Cependant, la préposition en, comme la préposition à, est ici un cas emploi figé limité, réservé à l’ex­pres­sion du moyen de locomotion. Si on détermine ou si on complète le nom, ou si le nom dé­si­gne plus par­ti­cu­liè­re­ment le véhicule, on utilise la préposition dans ou d’autres pré­po­si­tions, qui dépendent du mode de transport :

Il est venu sur son nouveau vélo.
Elle se promenait sur son beau cheval blanc.
Dans le métro ce matin, il y avait étonnamment peu de monde.

Dans les phrases suivantes, on utilise la préposition dans parce que le complément pré­po­si­tion­nel désigne l’endroit où s’est produit l’évènement dont on parle, plutôt que le véhicule lui-même ou un moyen de locomotion :

Sur le bateau [= quand j’étais sur le bateau], j’ai rencontré une vieille connaissance que je n’avais pas vue depuis vingt ans.
J’ai d’abord oublié mes lunettes de soleil dans le train [= quand j’étais dans le train], puis j’ai oublié mon livre dans l’avion [= quand je suis sorti de l’avion].

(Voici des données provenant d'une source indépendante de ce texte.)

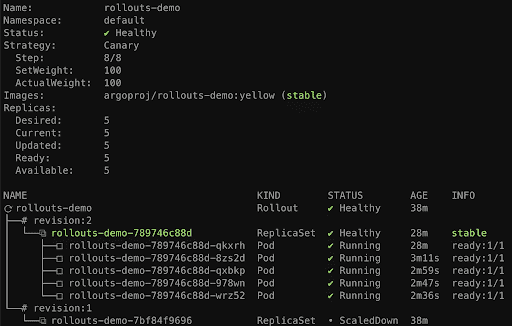 Ahora el Rollout ejecuta los pasos restantes -dirige el trafico al canary al 40%, esperar 10 minutos, incrmenta el trafico al 60%, etc.- hasta dirigir todo el trafico al canary. Ejecute get rollout durante este proceso si desea ver el Rollout en acción. Después de 40 minutos, ejecútalo una última vez para ver el resultado final:

2. Catégorie référentielle du sujet

La préposition en introduisant un GN désignant un mode de transport est utilisée normalement avec un sujet animé. Si le sujet est non animé, on utilise par avec article zéro :

Le matériel sera expédié par bateau.
Les marchandises voyageront par train.
Le courrier est acheminé par avion, puis transporté par bateau vers les iles éloignées.

La phrase Mon grand-père est arrivé par train a une résonance comique et laisse penser que le grand-père a voyagé comme une marchandise.

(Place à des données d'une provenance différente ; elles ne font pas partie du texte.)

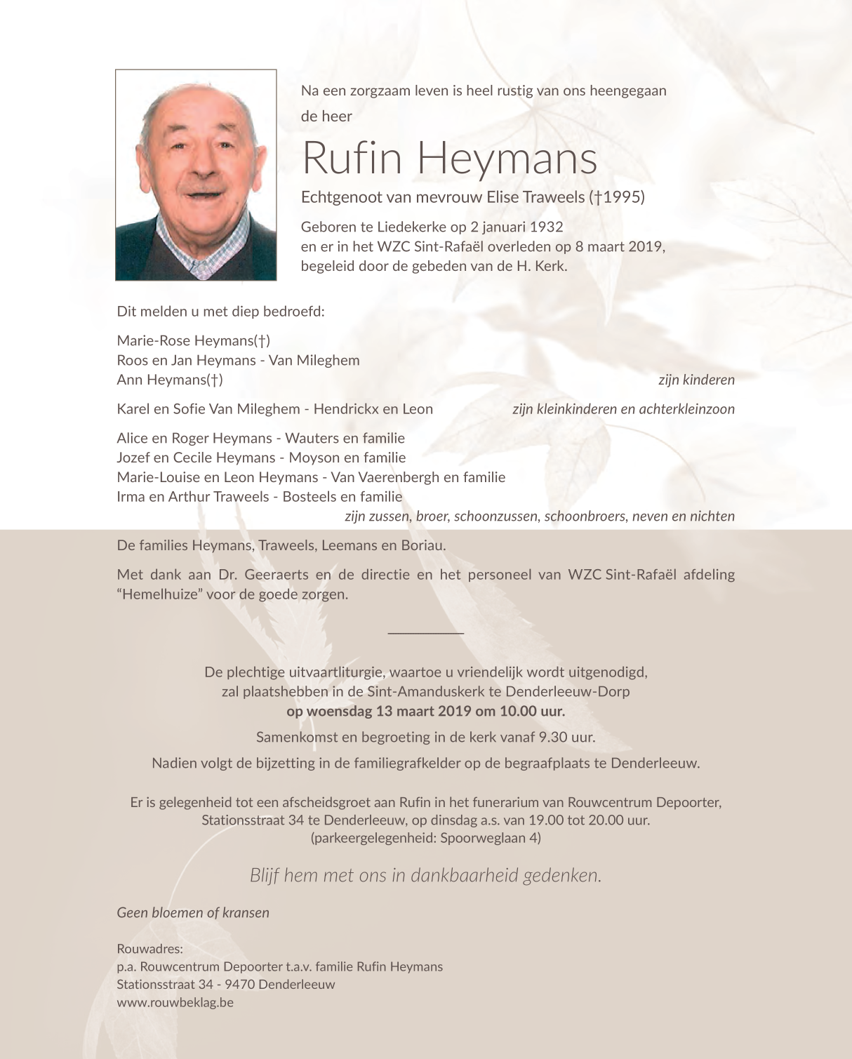 Overleden te Liedekerke (1770) op vrijdag 8 maart 2019 op 87-jarige leeftijd

Visitez le Canada par train…

On trouve du reste de nombreuses occurrences de cet emploi impropre, par exemple Visitez le Canada par train (Internet), ou, sur le site d’une station touristique fran­çai­se : Visites par train et vélo. Cette dernière cons­truc­tion est donc doublement impropre, car la pré­po­si­tion par est mise en facteur commun, ce qui équivaut donc à dire Visites par train et par vélo.

On utilise cependant par pour indiquer le moyen de transport quand le groupe pré­po­sitionnel par + GN est développé par un complément, surtout avec les verbes rentrer et arriver :

Ils arriveront par le train de 23 h 15.
Nous rentrerons par le ferry du matin.
Je rentrerai par l’avion du soir.

Plus généralement, on utilise la préposition avec :

Ils arriveront avec le train de 23 h 15.
Nous rentrerons avec le ferry du matin.
Je rentrerai avec l’avion du soir.
On partira avec le bateau qui fait la liaison vers les Lofoten.